AdFlight CEO Steps Aside

Automated ad network AdFlight has a new chief executive, following a reduction in the role

of company founder Albert Lopez.

Company spokespeople told InternetNews.com’s Internet Advertising Report Wednesday that

day-to-day operations at the Belmont, Calif. firm now will be overseen by former acting

chief operating officer Susan Atherton, who the company said has been “intricately

involved” with product and business development since she joined the firm as a member of

the board of directors last year.

Prior to joining AdFlight, Atherton served as vice president and general manager of

DoubleClick’s global technology business, and before, at NetGravity, which DoubleClick

acquired in 1999. Atherton oversaw the company’s AdServer software and DART service

offerings for publishers and merchants across North America, Latin America, Europe/Middle

East/Africa and Asia Pacific.

Lopez, who previously founded e-business consultancy USWeb WorldPort, will continue to

serve on the board of directors, and will focus his energies on the company’s technology,

said company spokeswoman Isabel Gonzales. The shift was voluntary, according to the

firm.

“Albert … has been CEO since the inception of the company, and has really shaped the

company into what AdFlight is today,” Gonzales said. “He feels that he’s gotten the

company at a point where he can step back and play more of a strategic role in terms of the

development of technology — that’s really were his passions lay.”

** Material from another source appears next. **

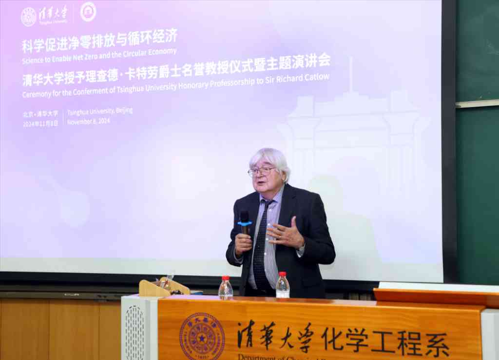 授予仪式后,理查德·卡特劳爵士作主题演讲。他介绍了实现净零排放和循环经济的重要性以及化学和化工的关键作用,探讨了化学工业从依赖化石资源转向非化石资源的重要性与实现路径,展示了其课题组在相关领域的最新研究成果,重点阐述了全生命周期分析的必要性以及可持续发展的全球挑战和机遇。
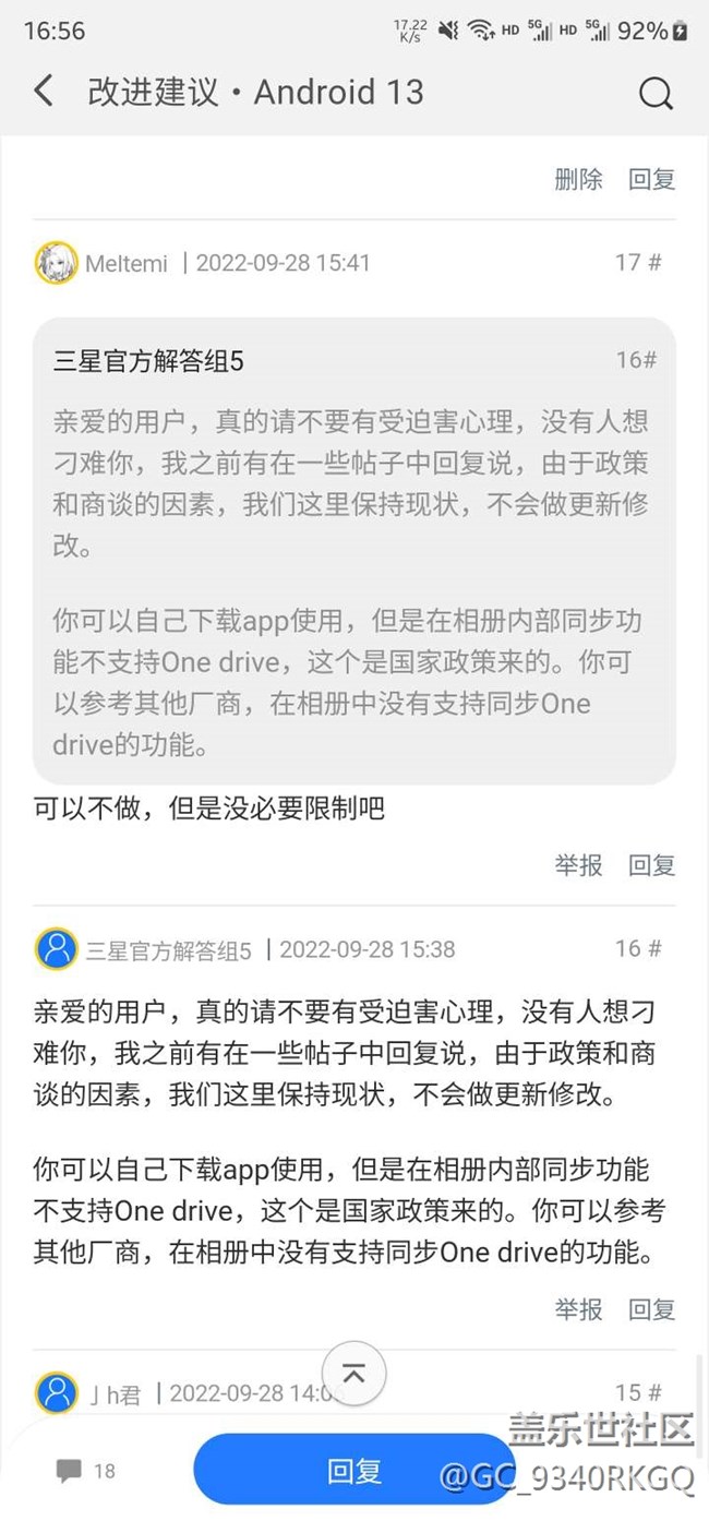 帖子名稱: 國行三星已經(jīng)確認(rèn)不會開放onedrive相冊云備份并擺爛

Atherton will be “focusing more on all of the operations as well as helping and

combining Albert’s vision and strategy for the company, in terms of executing it,” Gonzales

added.

The company said that the rest of the company’s structure remains in place following the

transition of power, although Gonzales said the company is exploring additional products

and business “options,” but declined to discuss these in detail.

Recently, a host of founders of Internet marketing-related companies have been ceding

their CEO posts in the wake of poor performance, often in favor of more experienced

executives. Last month, LifeMinders and U.S. Interactive both their top execs;

LifeMinders had posted a worse-than-expected annual performance, while U.S. Interactive

filed for Chapter 11.

But AdFlight maintains that this isn’t the case — and that business is going fine.

“We continue to operate in the business that we have built — one in which we’ve shown

revenue growth consistently,” she said.